Investoren blicken zunehmend über die traditionellen Finanzkennzahlen hinaus. ESG-Faktoren werden in Investitionsentscheidungen immer wichtiger. Deren Berücksichtigung stellt sicher, dass die langfristigen finanziellen Leistungen eines Unternehmens unabdingbar an umweltfreundliches Handeln, eine soziale Verantwortung und gute Unternehmensführung gebunden sind. Investoren wollen daher in Unternehmen investieren, die ihrer Verantwortung für Nachhaltigkeit nachkommen. Grundlage dafür ist, dass Unternehmen eine umfassende Nachhaltigkeitsberichterstattung durchführen, wie es die weltweite ESG-Agenda fordert. 

Mehr Transparenz soll geschaffen werden, um die Auswirkungen von Nachhaltigkeitsaspekten auf die Unternehmen als auch auf deren unternehmerischen Handels zu erkennen (auch “double materiality” genannt).

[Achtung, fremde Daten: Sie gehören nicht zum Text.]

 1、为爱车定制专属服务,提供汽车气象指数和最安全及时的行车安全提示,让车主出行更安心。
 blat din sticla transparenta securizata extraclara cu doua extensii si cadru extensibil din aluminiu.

Die Berichtspflicht wird schrittweise auf alle großen Kapitalgesellschaften und börsennotierten Unternehmen in der EU ausgedehnt werden.

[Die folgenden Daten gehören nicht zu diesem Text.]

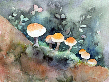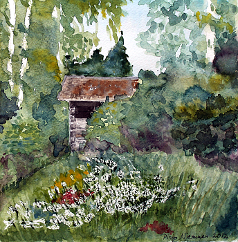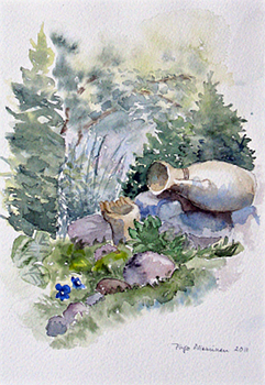 Vivamon Hiljaisuuden puutarhassa Akvarelli, 2011 Kuva: Pirjo Nieminen

Mit der Taxonomie-Verordnung wurde ein Klassifizierungssystem für ökologisch nachhaltiges Wirtschaften in der EU geschaffen. Ziel ist es, Transparenz zu schaffen, ökologisch nachhaltige Investitionen zu erleichtern und "Greenwashing" zu verhindern. Die Taxonomie-Verordnung wird durch delegierte Rechtsakte und technische Bewertungskriterien konkretisiert. Sie ist sowohl für die Nachhaltigkeitsberichterstattung als auch für die nachhaltigkeitsbezogenen Offenlegungspflichten von Finanzmarktteilnehmern relevant.

Woco nimmt seine ökologische, ökonomische und soziale Verantwortung mit klaren Nachhaltigkeitsschwerpunkten und konkreten Maßnahmen ernst. Dies macht das Unternehmen zu einem attraktiven Partner für alle Stakeholder.

Nachhaltigkeit hat für Woco strategische Priorität.